__Work instruction__: What you produce should be the lines from the line containing "Another proposed 1984" through the last line below, both ends included, reproduced exactly and without pictures.

__Data for this exercise__:
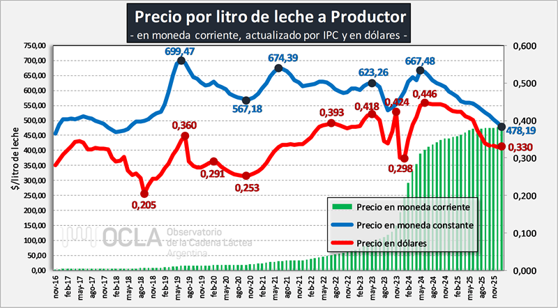 Así, el informe sobre precios pagados a los productores por litro de leche, publicado por el Ocla en base solamente al Siglea, arrojó que, una vez ajustado por la inflación, el valor del litro en enero de 2026 es el más bajo de los últimos 8 años para ese mes.
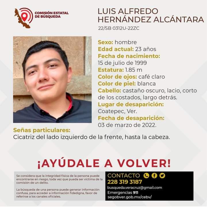 El joven Luis Alfredo de 23 años de edad, fue reportado como desaparecido desde el pasado 3 de marzo, cuando la Comisión Estatal de Búsqueda emitió la ficha respectiva.
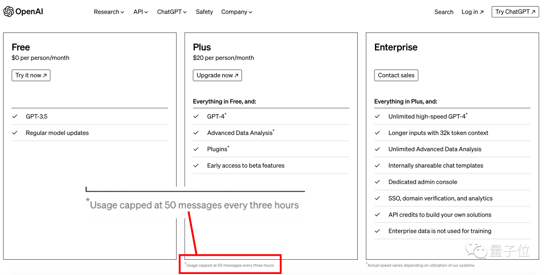 但在OpenAI的用户计划比较页面中,这一提示还没有被删去。
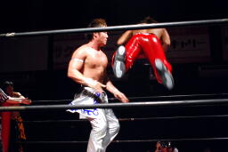 高尾串刺しエルボーからコーナーに上ってミサイルキック、ケニーかわしてロープに飛ぶと低空ドロップキック(左写真)。
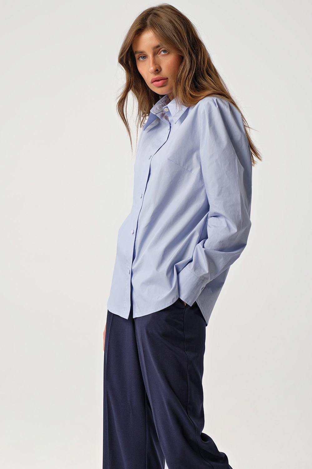 ст. цена2739руб.! Рубашка классическая прямая с длинным рукавом голубая
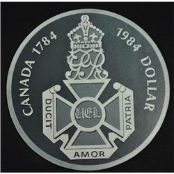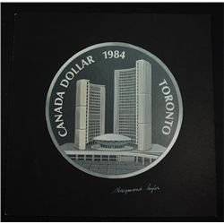 Another proposed 1984 cased silver dollar design by Raymond Taylor. It features a crest of the United Empire Loyalists with 1784-1984. The crest has t
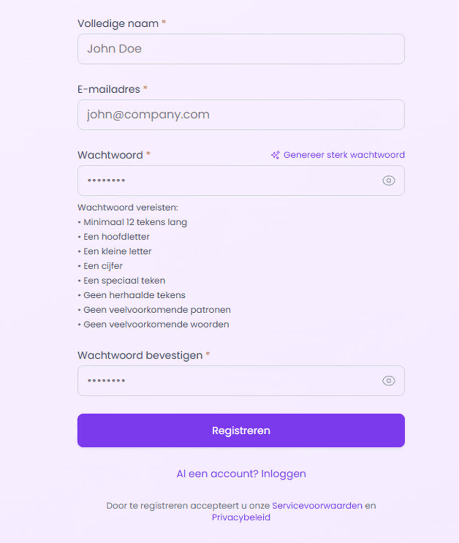 Bij het aanmaken van een nieuw account geef je je naam, e-mailadres en wachtwoord op. Beveiliging is een belangrijk aandachtspunt binnen Visit Portal. Daarom verwachten we een sterk wachtwoord. Om dit eenvoudig te maken, is er een ingebouwde wachtwoordgenerator voorzien. We raden aan om je wachtwoord veilig op te slaan in een paswoordkluis.

__Response area__:
 Another proposed 1984 cased silver dollar design by Raymond Taylor. It features a crest of the United Empire Loyalists with 1784-1984. The crest has t
 Bij het aanmaken van een nieuw account geef je je naam, e-mailadres en wachtwoord op. Beveiliging is een belangrijk aandachtspunt binnen Visit Portal. Daarom verwachten we een sterk wachtwoord. Om dit eenvoudig te maken, is er een ingebouwde wachtwoordgenerator voorzien. We raden aan om je wachtwoord veilig op te slaan in een paswoordkluis.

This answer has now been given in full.